NewtonMuonDense and NewtonMuonMonarch support ns_backend="standard", "gram", and "auto"; sweep_gds.py exposes this as --ns-backends. The pure-PyTorch Gram path is numerically compatible and falls back on square matrices. Small d=576 timings were slower, but large rectangular Blackwell timings are now favorable: d=4096 packed QKV (12288,4096) is 18.65 ms standard vs 10.88 ms Gram, and 4x-MLP-shaped (16384,4096) is 24.86 ms standard vs 12.71 ms Gram. Square and split-QKV batched shapes remain neutral.

CuTeDSL kernel status: the base env intentionally has no gram_newton_schulz, quack, or Cutlass DSL imports. An isolated .venv_gram_ns install can import them and run upstream kernels with the runtime SM120 compatibility shim in bench_upstream_gram_ns_kernels.py, but those kernels are slower than PyTorch on the local RTX PRO 6000 Blackwell box. Example d=4096 timings: packed QKV (12288,4096) is 13.95 ms standard torch, 10.15 ms Gram torch, 20.64 ms standard kernel, and 17.93 ms Gram kernel. Kernel use should stay import- and benchmark-gated, not enabled by GPU compute capability alone.

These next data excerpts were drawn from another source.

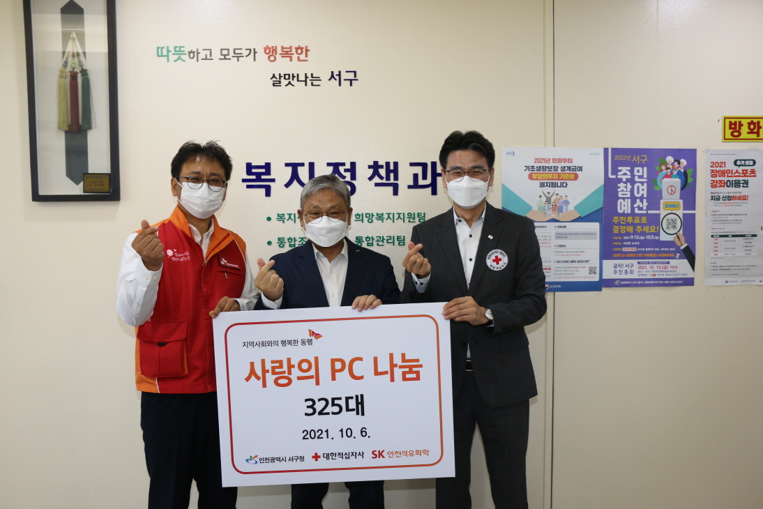 이날 전달받은 PC는 대한적십자사 인천지사를 통해 서구 내 저소득가정과 아동복지시설 등에 온라인 학습 정보 격차 해소를 위한 후원 물품으로 쓰여질 예정이다.
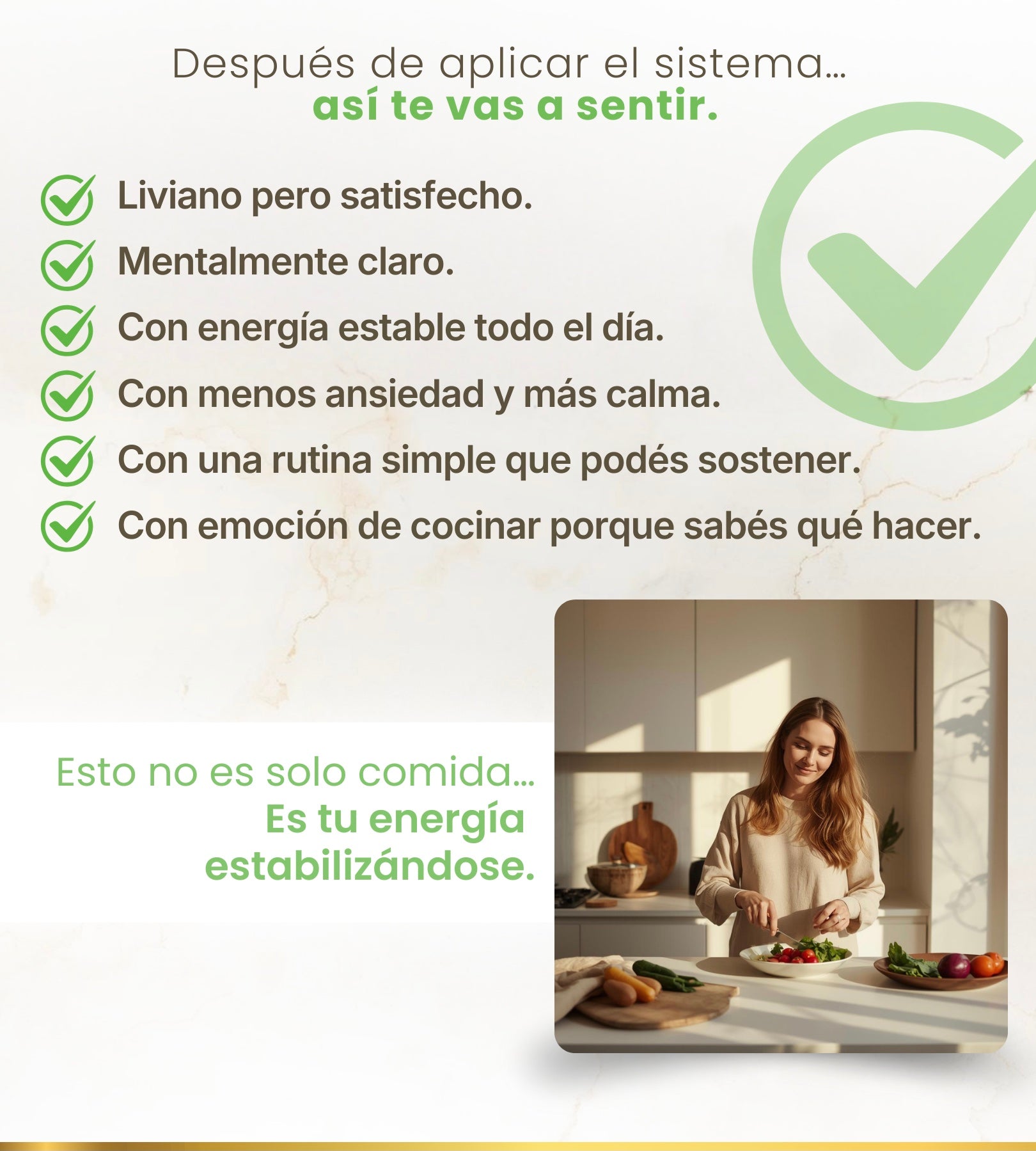 Lo que más valoro es la simpleza. No hay recetas imposibles ni reglas rígidas. Hoy sé qué cocinar sin pensarlo tanto y eso me sacó mucha ansiedad. Se siente liviano y real.
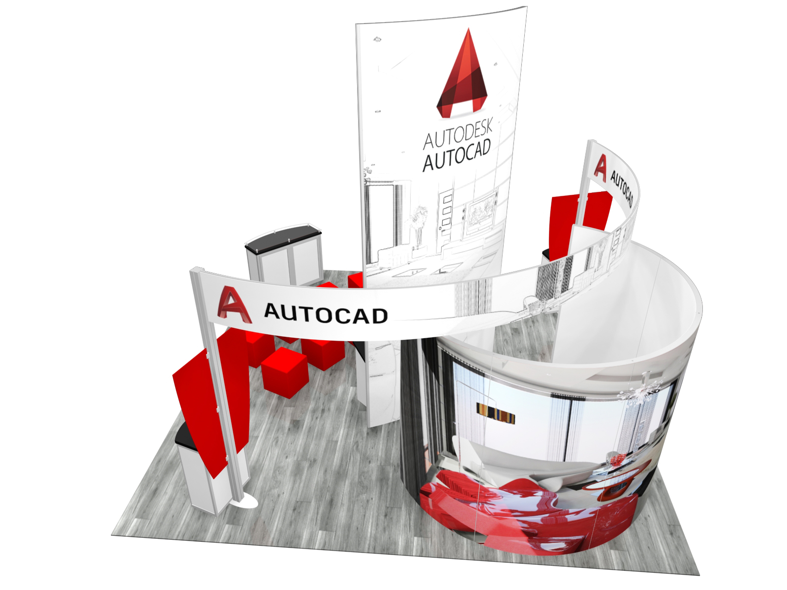 There are rental islands. Then there are Gravitee One-Step Island Exhibits. When you choose a RE-9120 Gravitee Island, you get a contemporary display with large graphics, practical accessories, a mostly tool-less assembly. The full-size panels slide together with attached connectors, whether flat or curved. Most islands pack in one or two crates, saving you on freight and drayage (material handling). And assembly takes about half the time of a traditional custom exhibit. The RE-9120 includes an attractive curved reception counter (RE-1207) with storage, a casual presentation area, and convenient workstations with monitor options. Plus, the RE-0120 comes with a semi-private meeting room and locking storage in all the counters.
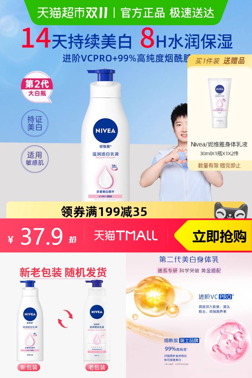 【立减19元,券3元,淘金币1元,新客2元,88vip到手20元;赠30ml小样*2】妮维雅第二代「大白瓶」身体乳,进阶VC Pro'14天*持续美白~
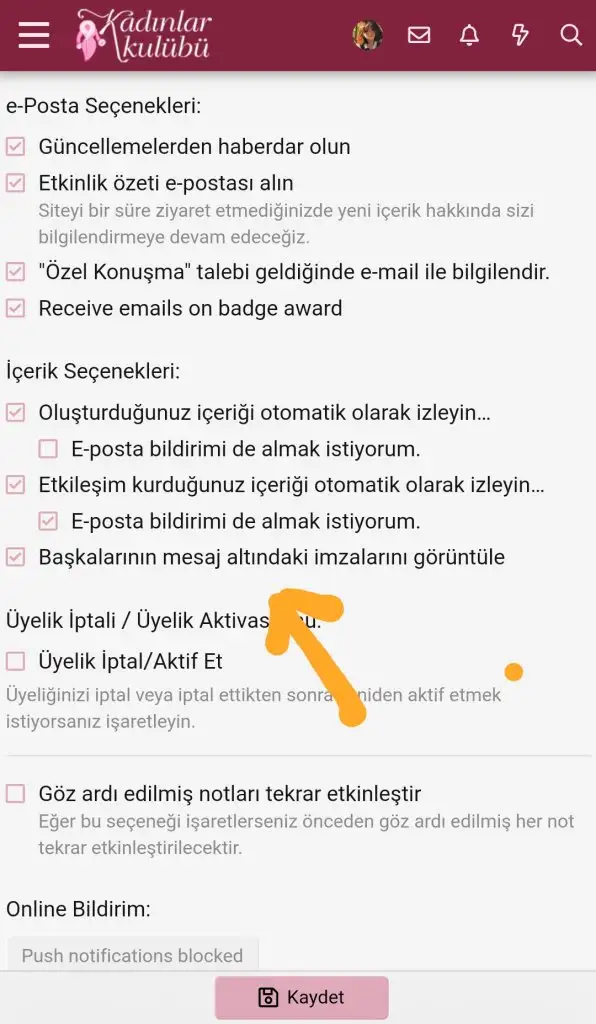 Daha sonra forum seçeklerinden Başkalarının mesaj altındaki imzalarını görüntüle kutucuğunu işaretle
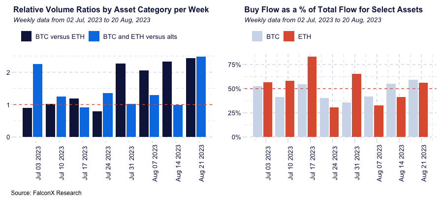 FalconX Trading Desk Color: BTC traded 2.4x more than ETH this past week, the highest ratio we’ve seen at our desks over the past three months. In general, our flow was net buyer over the past week, as we saw opportunistic buying during the most acute phase of the Thursday sell-off. Among majors, 59% of our BTC volume and 56% of our ETH volume came from the buy side. We saw relatively low interest outside of BTC and ETH, as the two majors traded 2.5x more than alts, the highest ratio over the past eight weeks. Our alts flow was very evenly distributed, except for some names (such as DOGE, BCH, and CRV), where we saw more predominant sell interest.
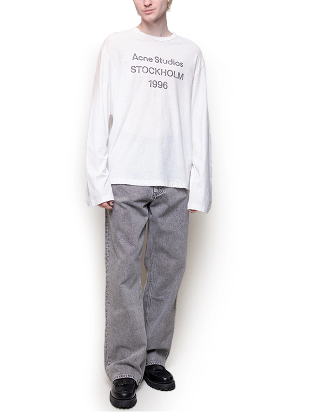 Acne Studios 1996 Long Sleeve T-Shirt Off White-with model Acne Studios 1996 Long Sleeve T-Shirt Off White-with model
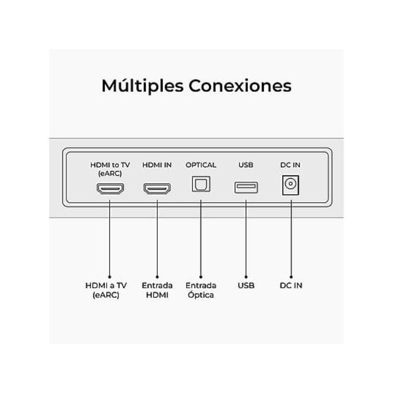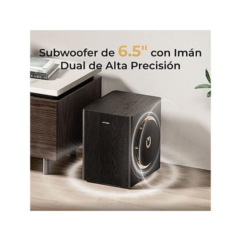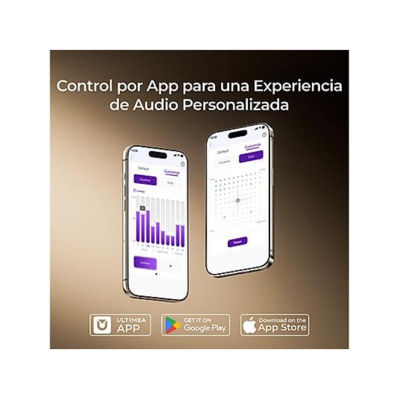 - HDMI eARC y Control por App: Dolby Atmos sin pérdida con hasta 37 Mbps de ancho de banda. Con control CEC, el televisor y la barra de sonido se sincronizan automáticamente. La aplicación ULTIMEA ofrece ecualizador de 10 bandas, 121 preajustes y actualizaciones OTA.

auto is conservative: it uses Gram only for rectangular matrices with smaller side at least 1024, and standard NS otherwise. For large packed QKV, auto also keeps the packed matrix intact instead of applying the default ns_split=3, because split-QKV is square and cannot benefit from Gram. In a d=4096 3-seed/300-step nm_dense_mlp check, split+standard averaged 135.0 ms optimizer time and min loss 4.6877 ± 0.0972; packed-QKV auto averaged 118.6 ms and min loss 4.5038 ± 0.0697. Treat this as an explicit large-width experiment knob. FineWeb d=4096/l2 validation cuts end-to-end time by about 13% and ties eval within CI, but train min/final loss is worse, so auto is not the default yet.

Optimizer comparison

Quick 2-way check (NewtonMuon dense vs Monarch only):

PYTHONPATH=. python3 train.py --steps 200 --d 256 --seq-len 128 --batch 32

Full LR sweep across multiple optimizers (split across all four GPUs):

PYTHONPATH=. .venv/bin/python dual_sweep_gds.py \
    --variants nm_dense_mlp,nm_monarch_aux,gds_dense,sf_gds_dense,adamw,nm_monarch,gds_monarch,sf_gds_monarch \
    --lrs 0.03,0.1,0.3,1.0 --d 576 --steps 400 --out-dir sweeps_4gpu

Each variant has different sensible LR ranges; see PROGRESS.md for the best-known hyperparameters and the full results inventory. dual_sweep_gds.py records child commands in commands.json, per-GPU logs in gpu*/stdout.log, and merged results in the top-level results.json. sweep_gds.py is resumable: each finished config writes <out-dir>/runs/<run_key>.json immediately, reruns skip matching configs by default, and --force recomputes them. Pass --seeds 0,1,2 for repeated trials; the output results.json includes seed_summaries with mean/std/95% CI for min loss, final loss, eval@x loss, warm step time, divergence rate, and global/per-variant *_within_*_ci95 flags for noise-scale differences. Use --data fineweb --data-dir <token-shard-dir> to train on cached GPT-style token streams with train.bin, val.bin, and optional meta.json; if --data-dir is omitted, the runner checks M2GDN_FINEWEB_DIR, repo-local data/fineweb_edu_gpt2*, and the known local /home/catid/ensemble2/data cache. FineWeb runs infer vocab_size and token_dtype from metadata and report held-out eval_loss from val.bin. When a sweep includes Monarch-model variants, --d must be a perfect square such as 1024, 2304, or 4096. Export those rows for reports with:

PYTHONPATH=. python3 analyze_profiles.py sweeps_seed/results.json \
    --seed-summary-csv seed_summaries.csv --seed-summary-md seed_summaries.md

The exported seed-summary tables keep non-empty tuning identity columns such as momentum, warmup_steps, r, damping policy, NS backend, and low-rank knobs, so rows from multi-knob sweeps remain distinguishable outside results.json.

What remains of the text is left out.